Paul Krugman: Not a Reader
Wednesday, February 2nd, 2005Yes, my friends, today I finally admit that Paul Krugman does not read this blog. Still, I’m going to connect the dots and claim that he takes inspiration from this fine domain. His latest op-ed column, channeled by way of Brad DeLong, explains that the long-run rate of return from diverse stock investment cannot exceed GDP. Krugman explains that unless the aggregate Price-to-Earnings ratio of stocks continually rises, stock prices must reflect profit growth. And corporate profit growth cannot, over the long-run, be geater than GDP, since that would imply the corporate sector’s eventually becoming larger than the country’s economy itself.
This logic is, in some sense, an amplification of the now-classic Sacarny post, “Conversations with Father: Part 1.” Father was happy to hear that Krugman agrees with him.
Yet the privatizers continue their attack!

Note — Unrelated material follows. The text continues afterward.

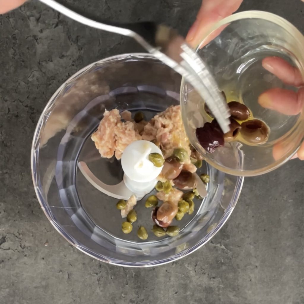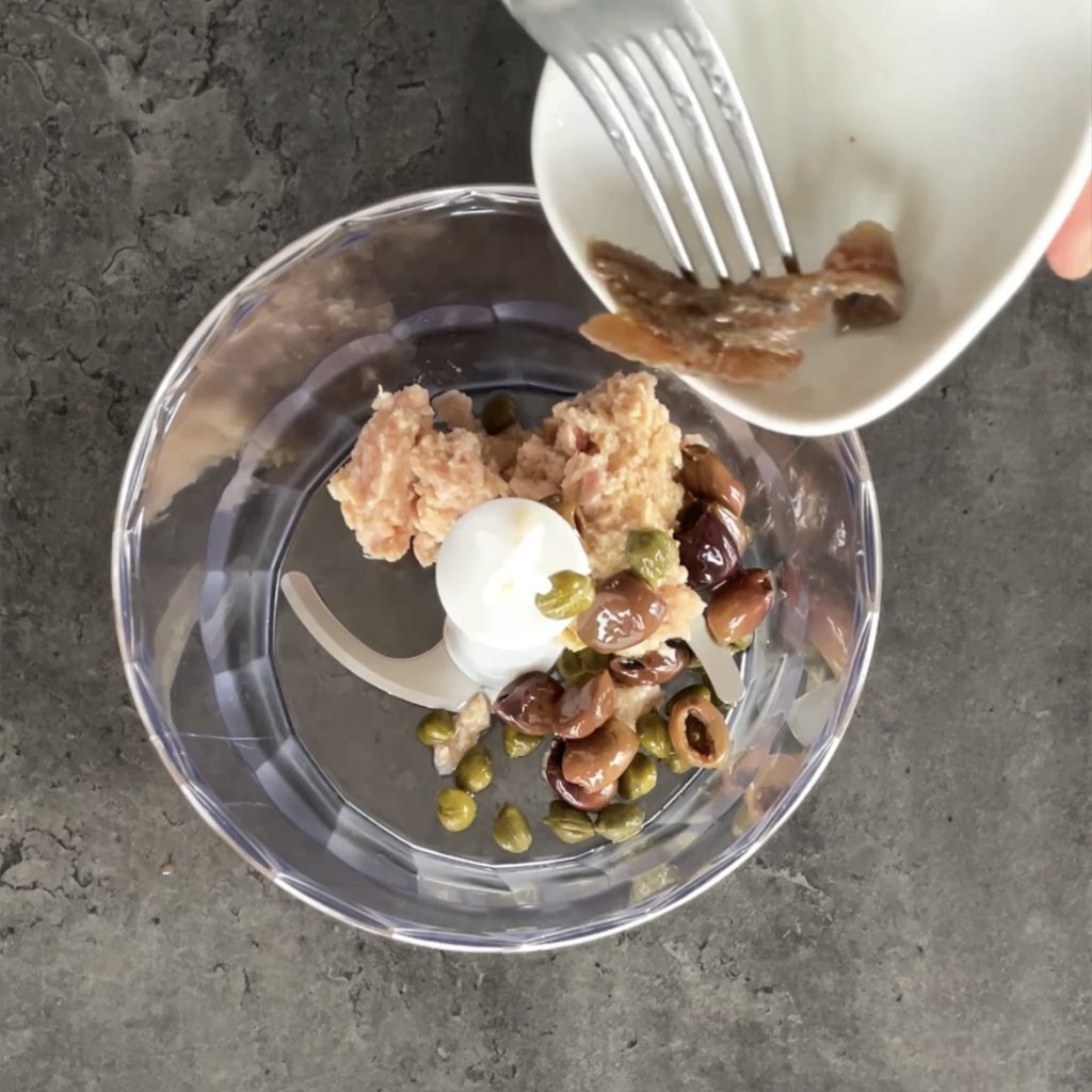 Comece a preparar os Barquinhos de aipo com molho de atum, colocando no liquidificador o atum escorrido do seu óleo,

Former CEA chief economist Andrew Samwick has responded to Krugman’s piece, outlining a defense to Krugman’s argument. I can’t say I understand it, which is a reflection of the complexity of this argument, and thus my understanding of it, not a reflection of Samwick.
Dean Baker, with whom Krugman claims to have worked out the math for his privatization attack, replies to Samwick via MaxSpeak. Again, I am confused.
The blogosphere seems to be advancing well-reasoned arguments along quite quickly, maybe a bit too quickly for my increasingly-economically-inclined mind. Hopefully Samwick will explain himself again, in more Krugmanesque terms. If only they all could!